Colloidal and fumed particles in nematic liquid crystals: Self-assembly, confinement and implications on rheology

Abstract The particles-in-Liquid Crystals (LCs) composites have the capability to serve as the promising candidate for enhancing the inherent characteristics of the LCs which can open new avenues for sensing, display and photochemical applications. The complexity and variety of hierarchical self-organized structures coupled with the high mechanical strength induced by the addition of the small fraction of colloidal or nanoparticles has continuously attracted the attention of the soft matter scientific community. The objective of this review is to systematically investigate the current and past literature which focusses on the implication of inclusion of particles on the behaviour of nematic LCs (NLCs) and smectic LCs in particular.
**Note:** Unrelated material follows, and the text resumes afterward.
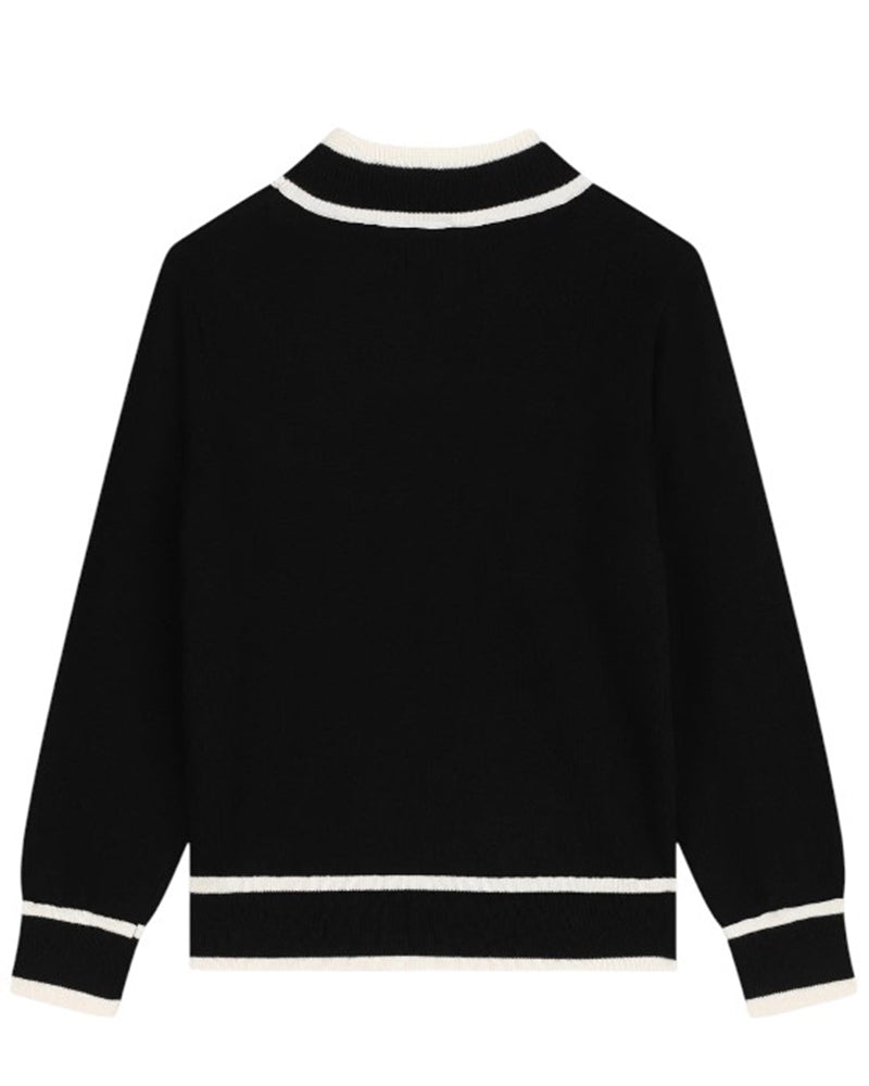 Maglia da bambina realizzata in misto cotone e cashmere. Presenta colletto tondo, maniche lunghe e finiture a coste. È decorata con logo ricamato sulla parte anteriore.

Herein, we present a chronicle of the seminal work on the spherical and anisotropic particle self-assembly in NLCs, two major mechanisms of particulate network formation and its implication on the rheology of the particles-in-NLC composites. The fundamental aspects of the confinement of NLCs and smectic LCs in the pores and also in the network of fumed silica nanoparticles are discussed and the subsequent influence on the phase, structural, dynamical and rheological behaviour is explained. The article also attempts to provide a clear distinction between particles-in-NLC systems with predominantly repulsive and attractive interparticle interactions in terms of rheology and microstructure. The review also highlights the existing gaps in the literature which still lacks clarity on the chief factors governing the particle self-organization and the correlation between the confinement and rheological response. Finally, we describe the future perspectives which can potentially give rise to diverse applications of particles-in-LC composites.